** Opening Data block block **

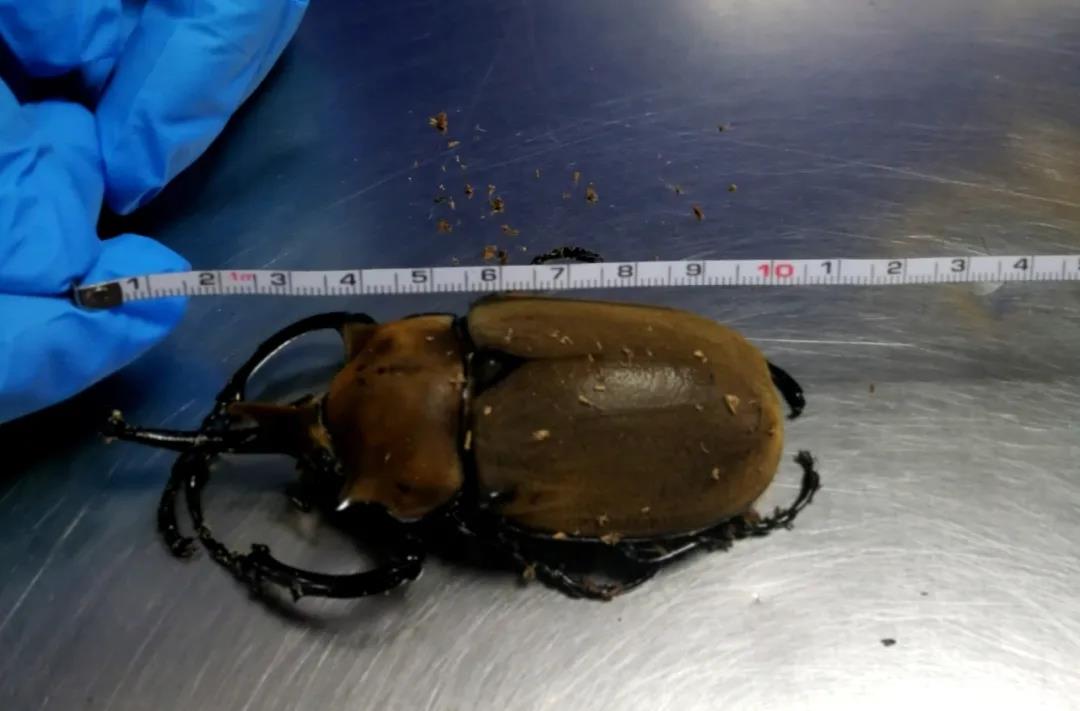 据悉,海关关员在对一票申报品名为“模型”的进境邮件进行过机查验时,智能审图系统提示发现异常。经人工开箱查验,发现箱内有10个装有昆虫及土壤的透明塑料盒,其中2个方形塑料盒内有体型较大的褐色昆虫活体2只,体长达10厘米,3个圆形塑料盒内有昆虫活体共6只,5个圆形塑料管内有黑色昆虫活体共5只。后经专业鉴定,这些昆虫分别为毛象硕犀金龟成虫雌雄活体各1只,毛象硕犀金龟幼虫活体6只,欧式锹甲成虫活体5只。
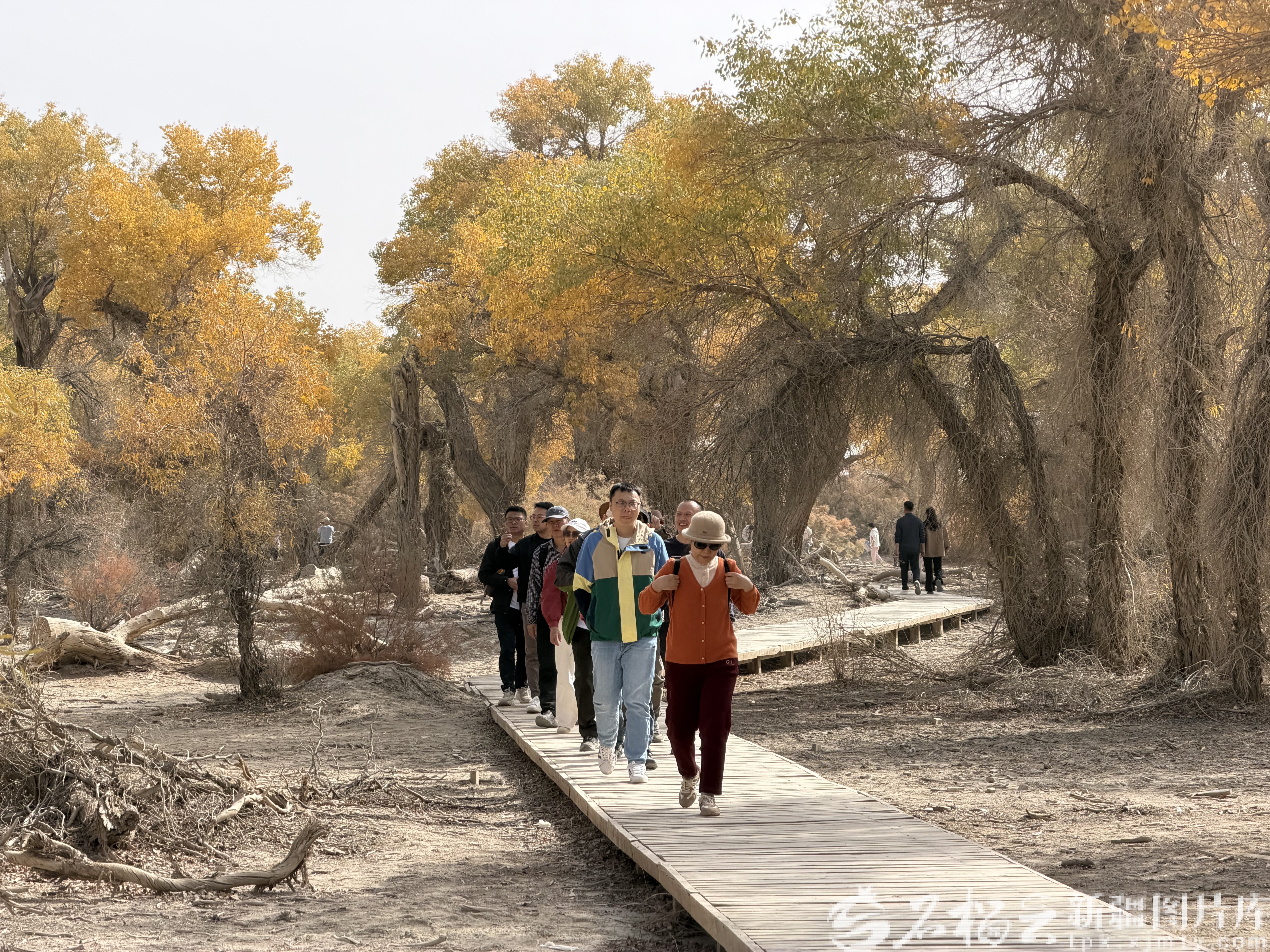 10月18日,游客在塔里木胡楊林公園游玩。林海 攝
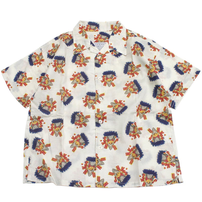 カラフルなイラストがインパクト抜群の総柄シャツ。

** Closing Data block block **

__Directions__
Repeat the material exactly as it reads, without any of its pictures.

__Output of the task__
 据悉,海关关员在对一票申报品名为“模型”的进境邮件进行过机查验时,智能审图系统提示发现异常。经人工开箱查验,发现箱内有10个装有昆虫及土壤的透明塑料盒,其中2个方形塑料盒内有体型较大的褐色昆虫活体2只,体长达10厘米,3个圆形塑料盒内有昆虫活体共6只,5个圆形塑料管内有黑色昆虫活体共5只。后经专业鉴定,这些昆虫分别为毛象硕犀金龟成虫雌雄活体各1只,毛象硕犀金龟幼虫活体6只,欧式锹甲成虫活体5只。
 10月18日,游客在塔里木胡楊林公園游玩。林海 攝
 カラフルなイラストがインパクト抜群の総柄シャツ。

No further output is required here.